Однако работа Брика только намекала на возможность нового пути – сама по себе она, как и первая его статья («Звуковые повторы»), ограничивалась демонстрацией примеров и их распределением по группам. От нее можно было идти как в сторону новых проблем, так и в сторону простой классификации и каталогизации или систематики материала, по существу с формальным методом не связанной. Именно к этому типу работ относится книга В. Жирмунского «Композиция лирических стихотворений» («Опояз», 1921). Не разделяя теоретических принципов «Опояза», Жирмунский заинтересовался формальным методом только как одной из возможных научных тем – как способом распределения материала по разным группам и рубрикам. При таком понимании формального метода ничего другого, конечно, и нельзя сделать: берется какой-нибудь внешний признак, с точки зрения которого материал раскладывается по группам. Отсюда – неизменно классификационный и учебный характер всех теоретических работ Жирмунского. В общей эволюции формального метода работы этого типа не имеют принципиального значения, отмечая собою только тенденцию (исторически, очевидно, неизбежную) придать формальному методу академический характер. Не удивительно поэтому, что в дальнейшем Жирмунский совершенно отошел от «Опояза», о несогласии с принципами которого не раз заявлял в своих последующих работах (особенно в предисловии к переводу книжки О. Вальцеля «Проблема формы в поэзии», 1923).

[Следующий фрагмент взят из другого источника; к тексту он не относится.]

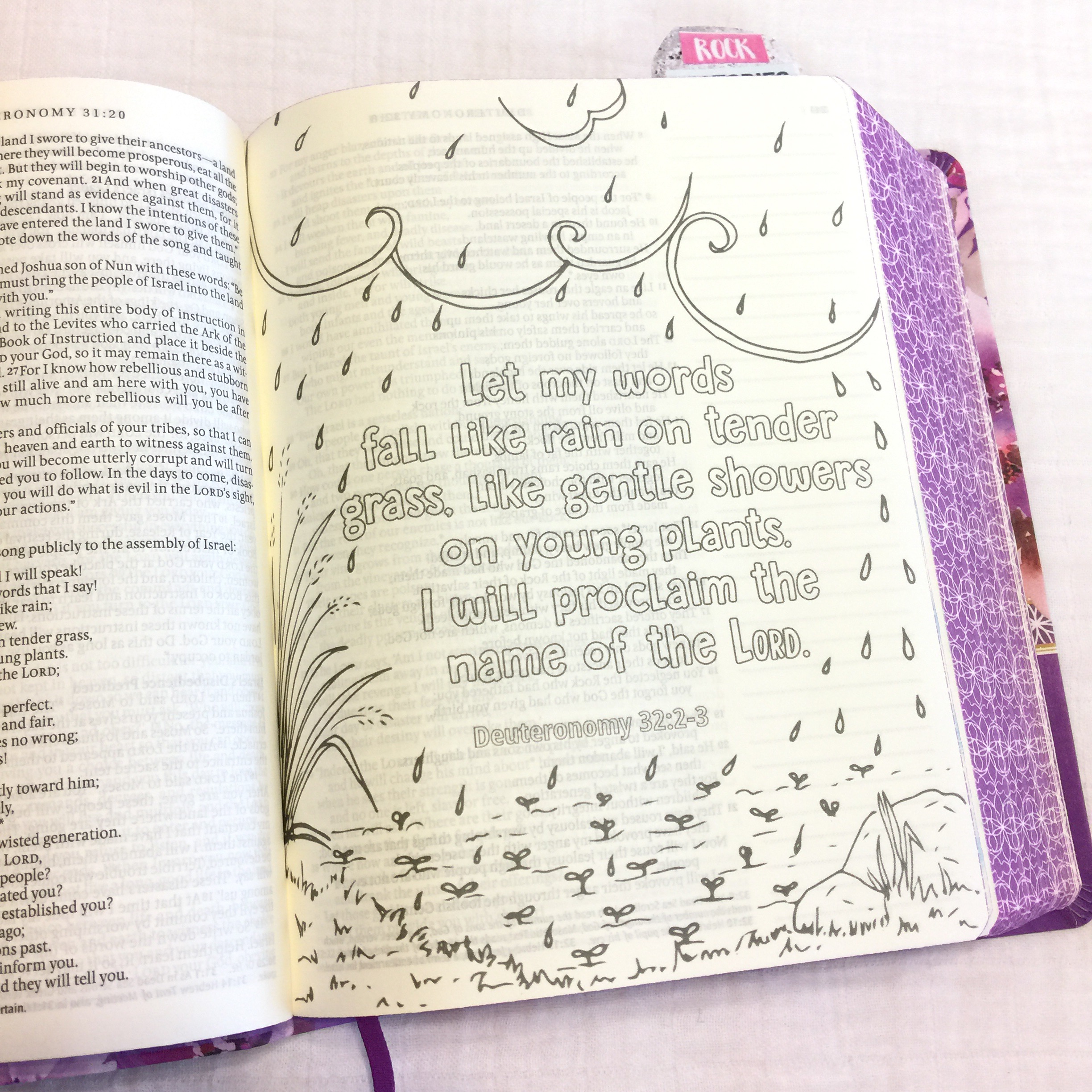 There are new illustrations on the inside covers and the dedication page. Again it was left blank like in the Inspire Praise bible to make it easier to personalize as you choose. This was the first page I illustrated in my new Bible the day after I received it. I used sparkle gel pens and Faber Castell big brush pens to color and write on the spread.

В некоторой связи с работой Брика о ритмико-синтактических фигурах явилась моя книга «Мелодика стиха» («Опояз», 1922), подготовленная интересом к изучению стиха в его звучании и в этом отношении связанная с целым рядом западных работ (Сиверс, Саран и др.). Я исходил из того, что различение по стилям делается обычно на основе лексики – «Тем самым мы отступаем от стиха, как такового, и имеем дело с поэтическим языком вообще. Необходимо найти нечто, что было бы связано со стихотворной фразой и, вместе с тем, не уводило бы нас от стиха как такового – что стояло бы на границе между фонетикой и семантикой. Это „нечто“ есть синтаксис. Ритмико-синтактические явления рассматриваются здесь не сами по себе, а в связи с проблемой конструктивного значения стиховой и речевой интонации. Мне было особенно важно выдвинуть понятие доминанты, организующей тот или иной поэтический стиль, и обособить понятие „мелодики“, как системы интонирования, от понятия общей „музыкальности“ стиха. Исходя из этого, я предложил различать в лирике три основных стиля: декламативный (ораторский), напевный и говорной. Вся книга посвящена изучению мелодических особенностей напевного стиля – на материале лирики Жуковского, Тютчева, Лермонтова и Фета. Избегая готовых схем, я кончал книгу утверждением, что „в научной работе считаю наиболее важным не установление схем, а умение видеть факты. Теория необходима для этого, потому что именно при ее свете факты становятся видными, т. е. делаются, действительно, фактами. Но теории гибнут или меняются, а факты, при их помощи найденные и утвержденные, остаются“.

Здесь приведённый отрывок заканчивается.